In examining extradition cases, we must ensure citizens are treated fairly and in a transparent fashion, that there is significant evidence and no rush to judgment. On the other side of the equation, notwithstanding that September 2001 is more than a decade ago, we must recognise that with each passing year and decade, new and more vicious forms of criminality, terrorism and threats not only to citizens but to states are occurring and there must be a robust response. The European arrest warrant is part of the necessary response and we must be supportive of it. In that regard, the Minister has given an indication that he has issues with the legislation put in place ten years ago and will reflect on it and present a more comprehensive Bill. I support the Minister's intention to progress the issue and to move on. I am sure it will be the majority view of the House that the legislation be approved.

I welcome the Minister.

The purpose of the framework decision on the European arrest warrant is to create a common area of security, freedom and justice within the European Union. One of the corollaries of the free movement of persons within the EU is that there should also be free movement of judicial decisions whether they are in the form of sentences, convictions or decisions to institute criminal proceedings. It is important to avoid the creation of places within the EU where there is a perception that the country in question is a safe haven for fugitives from justice. I recognise that by enabling the provisions of the European Arrest Warrant Act 2003 to apply to states other than EU member states, we are reducing to some extent the chance of that happening. I also recognise that there are a number of criticisms and shortcomings around the legislative framework governing the European arrest warrant procedure. I welcome the Minister's acknowledgment in his opening remarks that the piecemeal approach to amending the European Arrest Warrant Act 2003 is unsatisfactory and I further welcome his commitment to initiate a fundamental review of the legislation and to thoroughly examine European arrest warrant procedures to determine how they can be streamlined and simplified.

I have received a lengthy submission in respect of the extraterritorial exception under section 44 of the 2003 Act. A concern has been raised about the manner in which section 44 is drafted — this may be what Senator O'Donovan mentioned — and its application to future cases, particularly in light of the recent Supreme Court decision in the Minister for Justice Equality and Law Reform v.
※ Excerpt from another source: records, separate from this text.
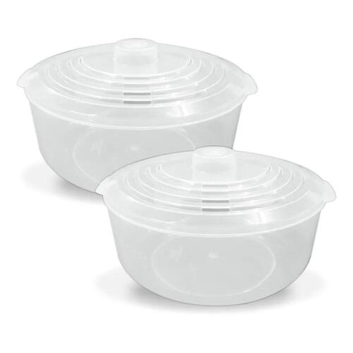 Panelas multiuso para micro-ondas, ideais para preparar arroz, legumes e pipoca. Conjunto com 3 unidades, cada uma com capacidade de até 2 litros.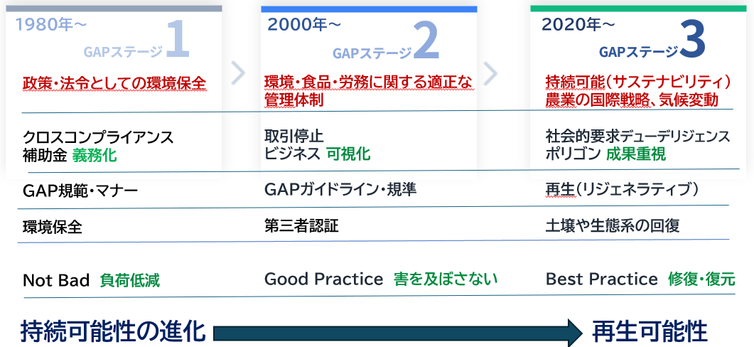 まず、私たちがアップデートすべきは「GAPの定義」そのものです。かつて欧州でスタートしたGAP(Code of Good Agricultural Practice)は、法令遵守や環境負荷低減の「ステージ1」でした。2000年代には、取引条件としての第三者認証である「ステージ2」へと進みました。そして現在、世界は「ステージ3」に突入しています。これは、単に「害を及ぼさない(Good Practice)」だけでなく、農業を行うことで土壌や生態系を「修復・復元する(Best Practice)」環境「再生型(リジェネラティブ)農業」の段階です。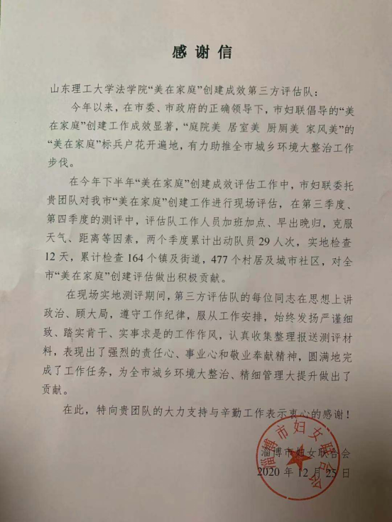 近日来,伟德victor1946网站收到了一封来自淄博市妇女联合会的感谢信,对牛喜霞老师负责、由社会工作专业陈胜、殷丽环等29名研究生和本科生组成的“美在家庭”创建成效第三方评估队的辛勤付出表示肯定,并对项目评估团队的支持与劳动表达了由衷的感谢和真诚的慰问。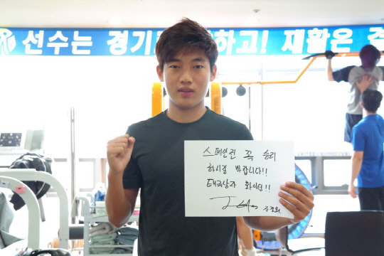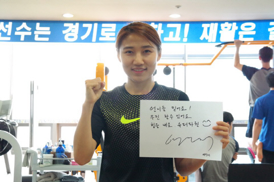 스페인과의 조별리그 3차전을 앞두고 여민지는 언니들을 위한 마음의 응원을 준비했다. '언니들 믿어요! 우린 할 수 있어요. 힘을 내요 슈퍼파월~'이라는 응원문구를 꼭꼭 눌러썼다. 환한 미소와 함께 주먹을 불끈 쥐어보였다. 여민지는 '지메시' 지소연(24·첼시레이디스)에게 골 세리머니를 재촉했다. 지소연은 코스타리카전에서 페널티킥 동점골을 넣고도 세리머니를 제대로 하지 못했다. "쫓아가는 상황이어서 세리머니를 할 분위기가 아니었다. 민지를 위한 세리머니를 해주려고 했는데…"라며 아쉬워했다. 여민지는 "소연언니한테 골 세리머니 언제 해줄 거냐고 묻고 싶네요"라며 '돌직구' 압력(?)을 행사했다. 골도 넣고, 승리하라는 응원이자, 메시지다. A매치 최다골 기록(77경기 39골)을 이어가고 있는 지소연이 스페인전에서 골을 터뜨릴 경우 A매치 40호골의 위업을 달성하게 된다. '바르셀로나 유망주' 장결희 역시 '태극낭자' 누나들을 향한 힘찬 응원의 메시지를 보냈다. '스페인전 꼭 승리하시길 바랍니다! 태극낭자 화이팅!' 오타와(캐나다)=전영지 기자 sky4us@sportschosun.com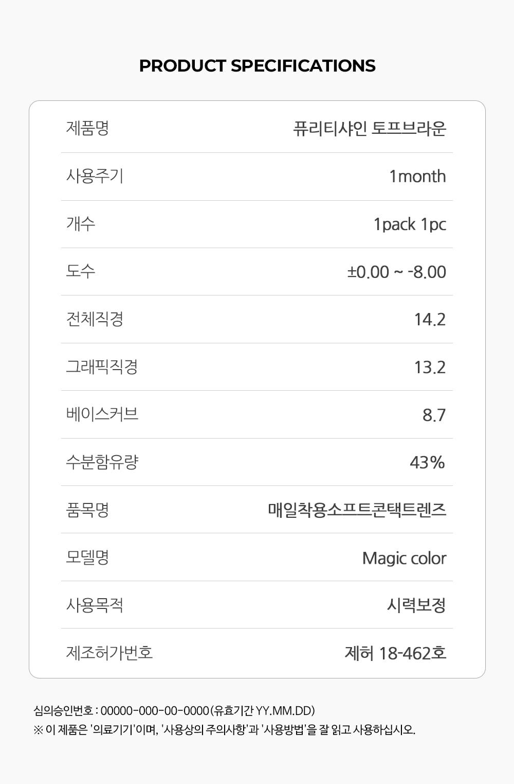 | 近視度數 | 0.00, -1.00, -1.25, -1.50, -1.75, ,-2.00, -2.25, -2.50, -2.75, -3.00, -3.25, -3.50, -3.75, -4.00, -4.25, -4.50, -4.75, -5.00, -5.50, -6.00, -6.50, -7.00, -7.50, -8.00 |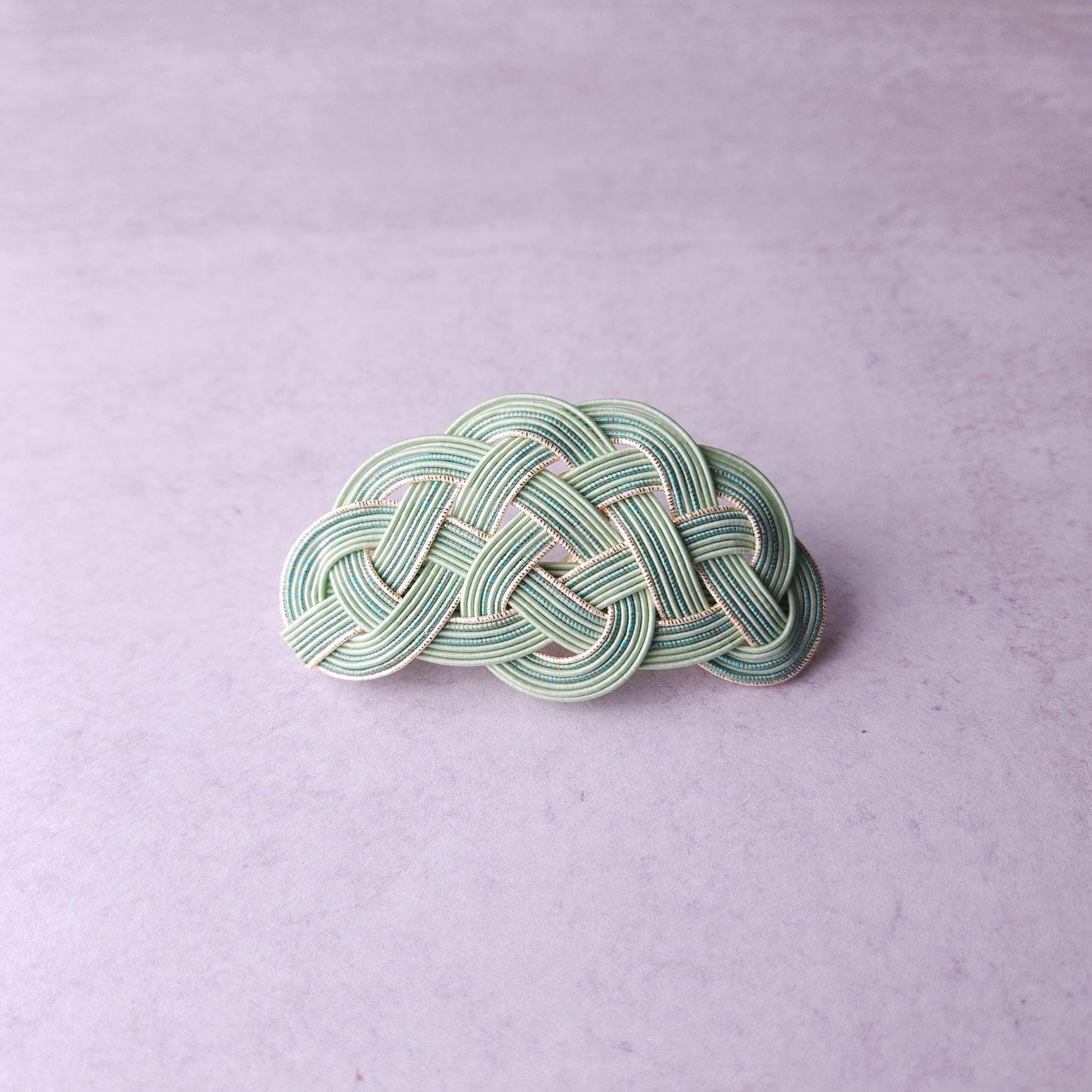 This elegant hair barrette is meticulously handcrafted using traditional Japanese Mizuhiki cords, featuring the Pine Knot technique, symbolizing longevity and good fortune. The intricate weaving showcases timeless craftsmanship, making it a perfect accessory for both everyday wear and special occasions.

Bailey, which was delivered on 1 March 2012. I do not purport to make any comment on the rightness or wrongness of the decision in the Bailey case nor do I purport to be an expert in international extradition law.

However, I am interested to explore the contention made in the submission that the very strict interpretation of extraterritoriality, based on the principle of reciprocity, whereby it is not open to the State to surrender a person for an extraterritorial offence unless the offence can also be prosecuted in Ireland on an extraterritorial basis, gives rise to the possibility of Ireland being a safe haven from prosecution or sentence in certain circumstances. I intend to give the submission further consideration in advance of Committee Stage and I considered it appropriate to mention it today. I will provide the Minister with a copy of the proposed amendment for his consideration because I trust his wisdom to ensure the Bill will strike the appropriate and right balance. This is my only concern.

I welcome the Minister and as Senator Bradford said he is a regular visitor. I also welcome the Bill. The only note of non-welcome is that the Bill commenced in the Dáil rather than in this House. It is much appreciated that the Minister has commenced many justice Bills in this House and we hope he will continue to do that.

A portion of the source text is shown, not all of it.